(Data entries)

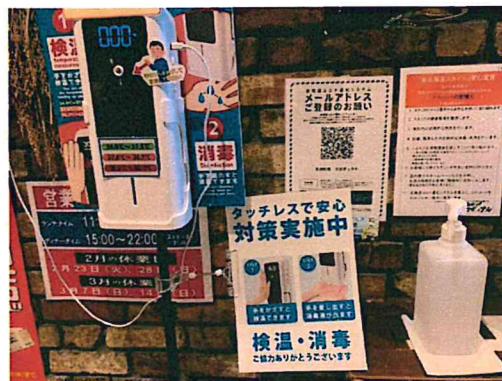
感染対策を徹底している店内
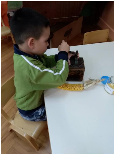
Slika 4. Istraživački centar

Djeci je bilo ponuđeno unutar stolno-manipulativnog centra da pokušaju složiti pomoću puzzli sliku kokošinjca. Također imali su ponuđenu društvenu igru u kojoj je bio cilj da geometrijski lik ili geometrijsko tijelo spoje s odgovarajućom bojom. U nastavku slijedi slikovni prikaz istraživačkog centra (Slika 4).
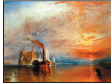
Navire de guerre, 1838

11. En 1802, Turner séjourne à Genève d'où il part pour découvrir les Alpes. De ce voyage, il ramène quelques-unes de ses plus belles toiles. Comme sur le bateau au milieu de
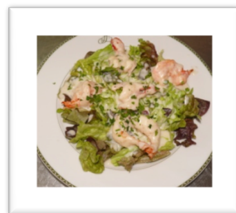
Salada de camarão Diariamente, na carta
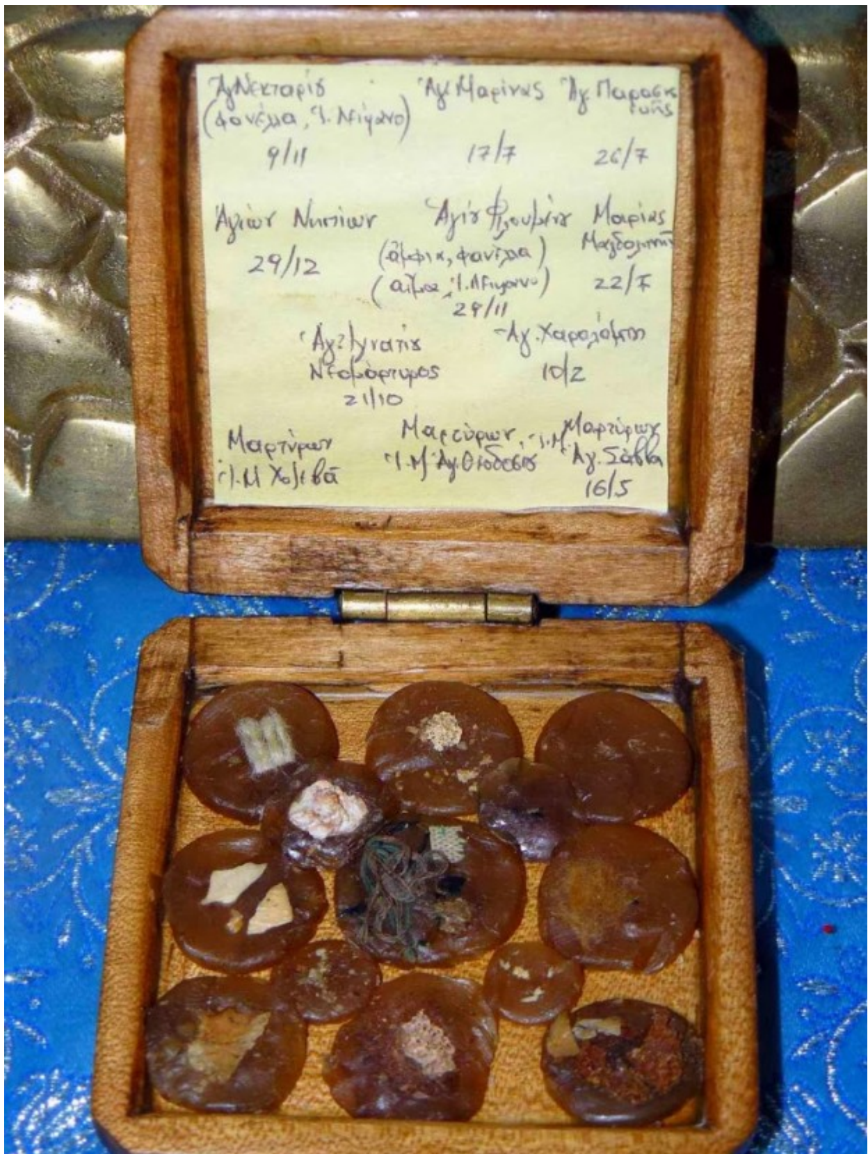
Η ξύλινη λειψανοθήκη με τα λείψανα

* [Directions]: Leaving out every picture, transcribe exactly the lines from the line that contains "Salada de camarão Diariamente, na carta" through the final line of the entries above.

* [Exercise output]:
Salada de camarão Diariamente, na carta
Η ξύλινη λειψανοθήκη με τα λείψανα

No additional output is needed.